Kupersilahkan ia duduk. Ditariknya bangku, lalu senyum menyemburat dari bibir mungilnya. Sementara aku mencoba mengapai kata-kataku yang melayang, Rima memulai dengan pertanyaan.
“Maaf ya, Re, kamu nunggu lama ya?”
“Oh, tidak-tidak. Aku juga baru sampai.” Pesona pada wajahnya membuat waktuku menunggu tak ada artinya. Pelayan datang, menyerahkan buku menu. Rima memesan es kopi. Lama kupandangi menu yang diberikan pelayan. Satu helaan nafas kujawab, “Samakan saja, Mbak.”
Obrolan kami mengalir deras seperti hujan bulan Desember. Tanpa terasa waktu bergerak cepat.

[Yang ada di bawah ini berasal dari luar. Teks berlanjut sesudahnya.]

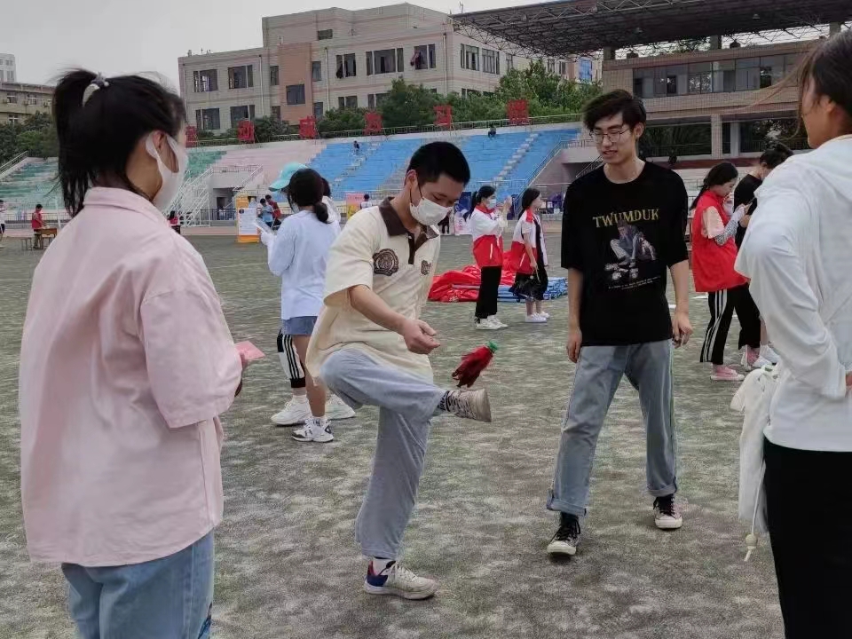 5月29日下午,学校心理健康教育与咨询中心开展了“心向未来,绽放风采”户外心理素质拓展活动,太阳成集团tyc151cc积极参加并承办4个项目:“‘毽’舞飞扬”、“伴你同行”、“拯救情绪大作战”、“翱翔吧我的理想”。
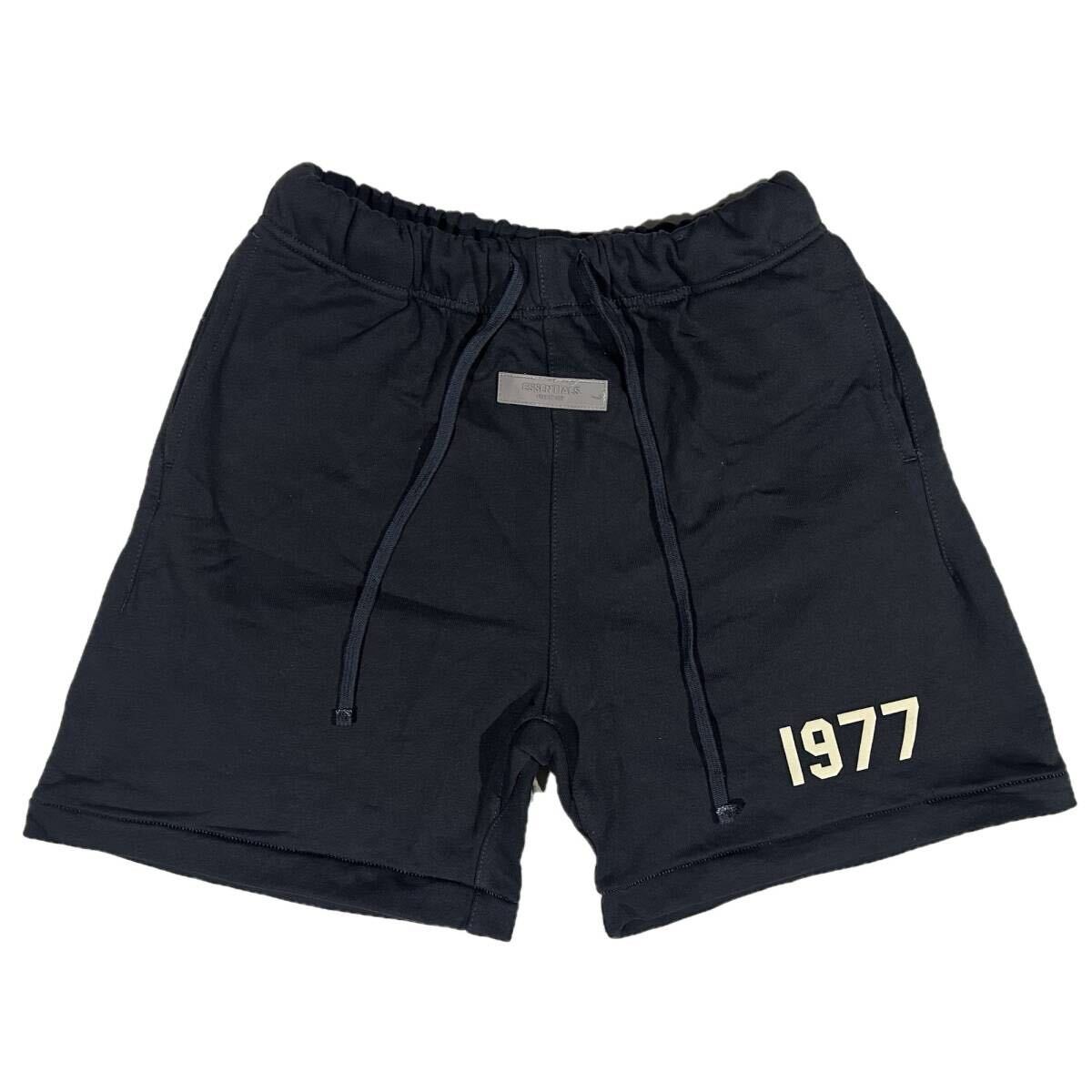 [並行輸入品] FEAR OF GOD FOG ESSETIALS エッセンシャルズ 1977ロゴ ハーフパンツ (ブラック) (XL)

Cahaya matahari tenggelam di sudut barat, langit gelap gulita. Sebelum kami pergi, Rima menghapus jejak lipstick di bibir gelas. Aku tak mengerti mengapa Rima tak mau gunakan sedotan yang disediakan Kedai. Aku membayar tagihan, menanyakan apa Rima ingin diantar pulang. Rima menolak, berbagai alasan kulontarkan. Lalu rona-rona pada wajahnya merekah. Ia mengizinkanku mengantarnya pulang. Lagi pula, tak mungkinkan wanita pulang malam sendirian?